WHAT NEEDS TO BE DONE:
Take from the entries below the stretch from the line with "Glenmorangie Companta was" through the line with "Электричка, направляющаяся из", and return it exactly, leaving the pictures out.

Stored items:
------------------------

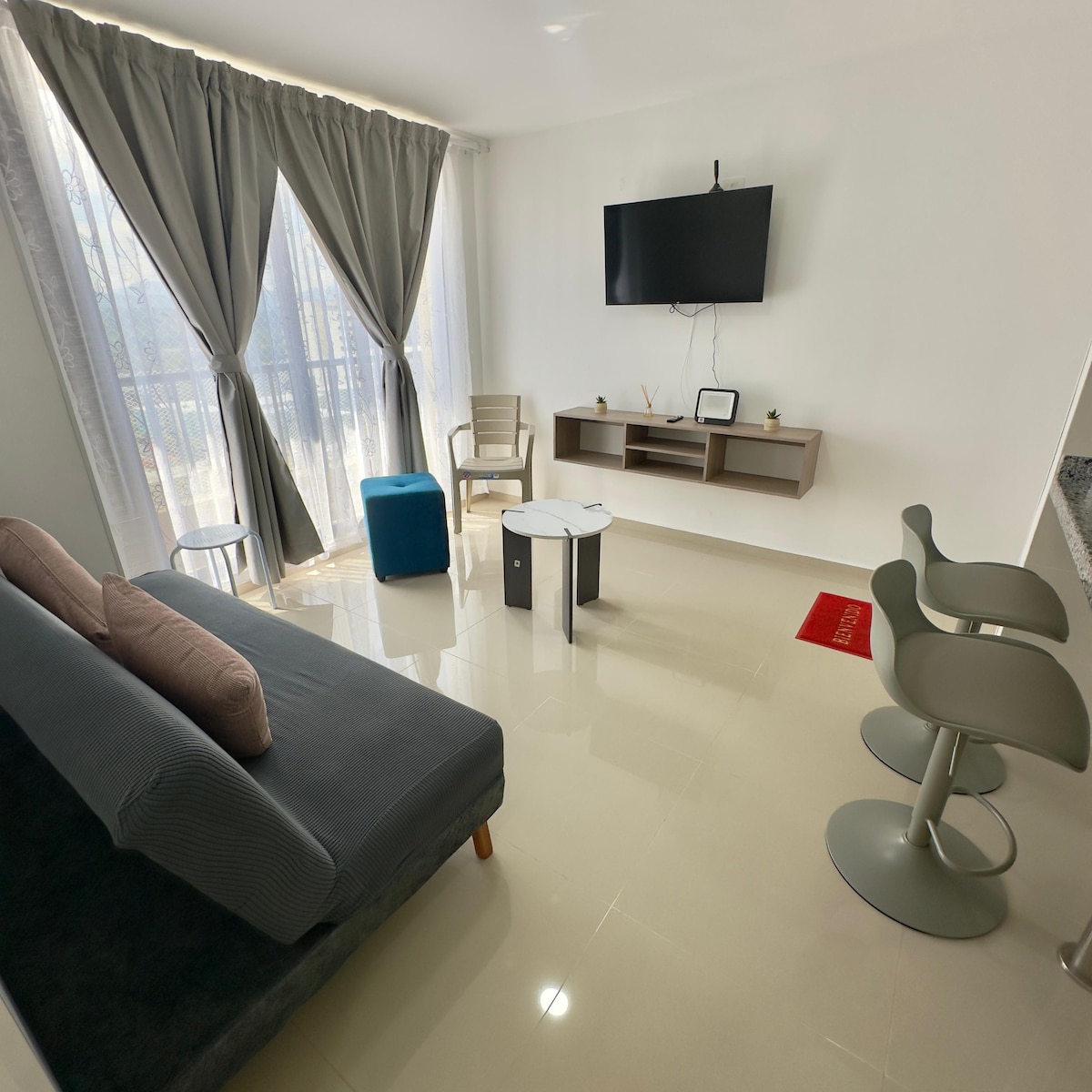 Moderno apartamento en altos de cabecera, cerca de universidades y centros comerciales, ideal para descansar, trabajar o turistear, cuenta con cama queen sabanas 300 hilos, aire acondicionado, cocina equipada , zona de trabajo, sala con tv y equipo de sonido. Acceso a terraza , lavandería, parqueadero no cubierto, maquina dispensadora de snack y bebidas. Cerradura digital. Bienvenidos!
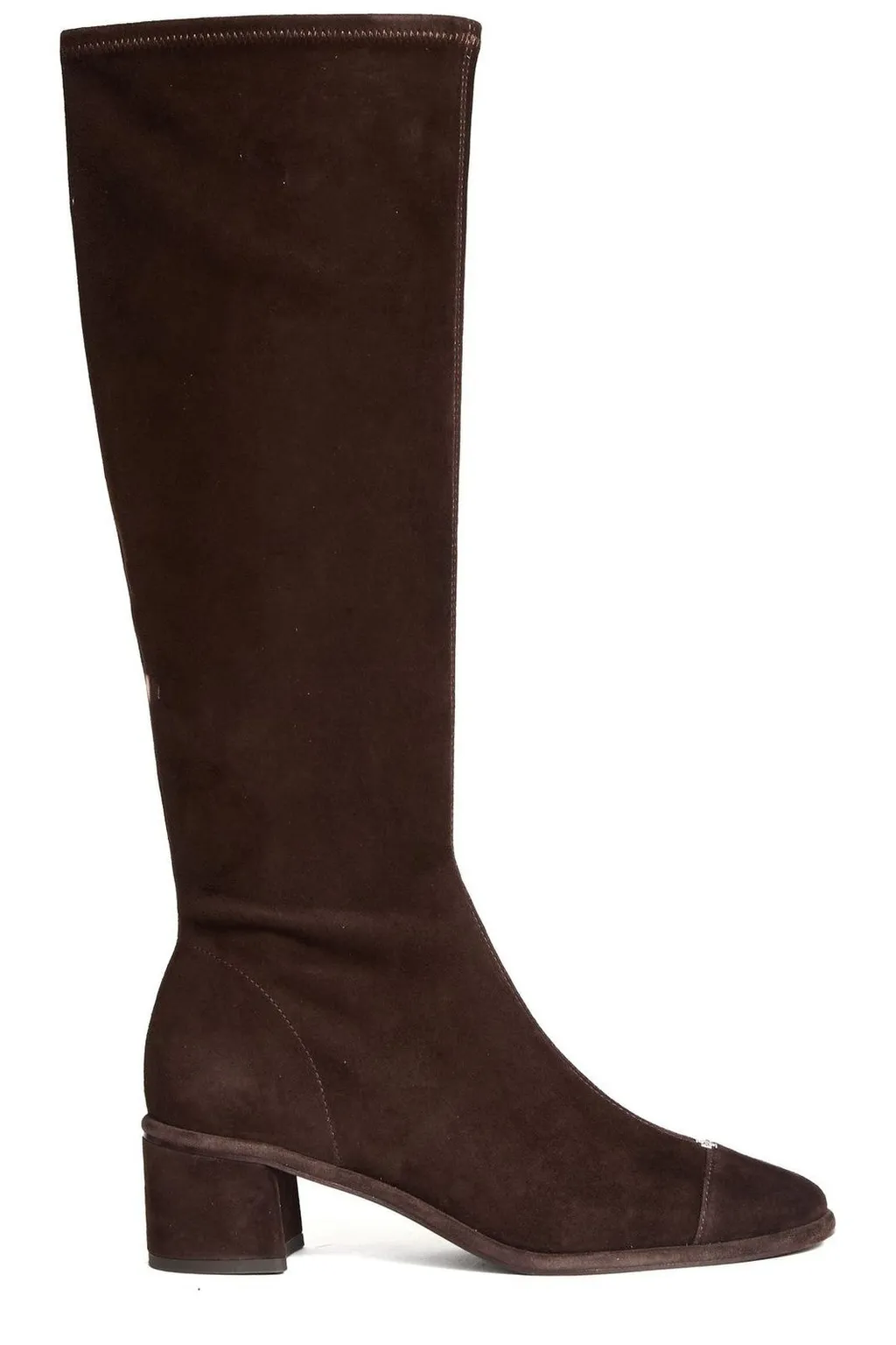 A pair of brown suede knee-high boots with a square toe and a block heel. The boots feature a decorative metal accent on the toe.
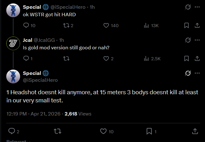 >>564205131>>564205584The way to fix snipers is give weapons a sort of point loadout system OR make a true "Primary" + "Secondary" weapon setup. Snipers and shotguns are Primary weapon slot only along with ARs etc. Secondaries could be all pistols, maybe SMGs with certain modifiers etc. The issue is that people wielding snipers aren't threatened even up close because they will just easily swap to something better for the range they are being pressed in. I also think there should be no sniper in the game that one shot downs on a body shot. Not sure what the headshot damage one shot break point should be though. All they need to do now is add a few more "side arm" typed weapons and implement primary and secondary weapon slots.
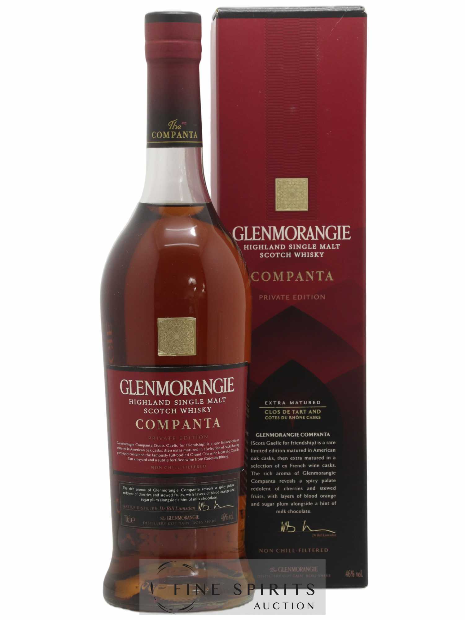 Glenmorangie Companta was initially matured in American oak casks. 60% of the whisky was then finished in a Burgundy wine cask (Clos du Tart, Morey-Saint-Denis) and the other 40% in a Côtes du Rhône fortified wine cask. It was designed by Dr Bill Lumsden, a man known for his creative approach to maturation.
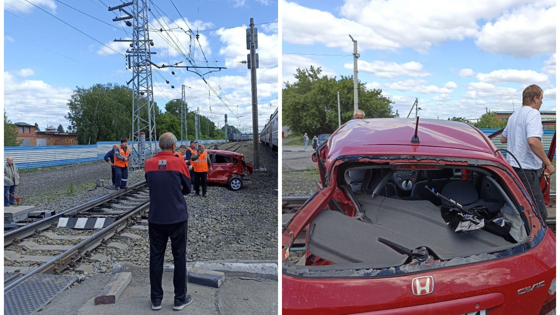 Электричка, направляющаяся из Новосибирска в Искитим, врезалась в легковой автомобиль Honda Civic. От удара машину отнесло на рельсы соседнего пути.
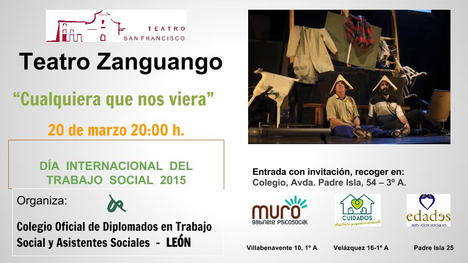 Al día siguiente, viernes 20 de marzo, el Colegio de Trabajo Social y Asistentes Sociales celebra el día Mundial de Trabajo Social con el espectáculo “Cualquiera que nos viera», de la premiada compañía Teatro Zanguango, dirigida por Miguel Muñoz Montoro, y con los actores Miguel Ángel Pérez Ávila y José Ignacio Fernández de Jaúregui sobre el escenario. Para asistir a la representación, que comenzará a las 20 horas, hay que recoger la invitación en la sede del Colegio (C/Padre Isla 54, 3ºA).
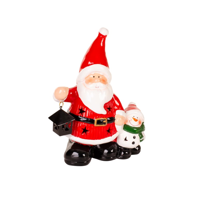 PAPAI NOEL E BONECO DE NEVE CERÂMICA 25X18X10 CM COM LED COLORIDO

------------------------

SOLUTION TO THE EXERCISE:
 Glenmorangie Companta was initially matured in American oak casks. 60% of the whisky was then finished in a Burgundy wine cask (Clos du Tart, Morey-Saint-Denis) and the other 40% in a Côtes du Rhône fortified wine cask. It was designed by Dr Bill Lumsden, a man known for his creative approach to maturation.
 Электричка, направляющаяся из Новосибирска в Искитим, врезалась в легковой автомобиль Honda Civic. От удара машину отнесло на рельсы соседнего пути.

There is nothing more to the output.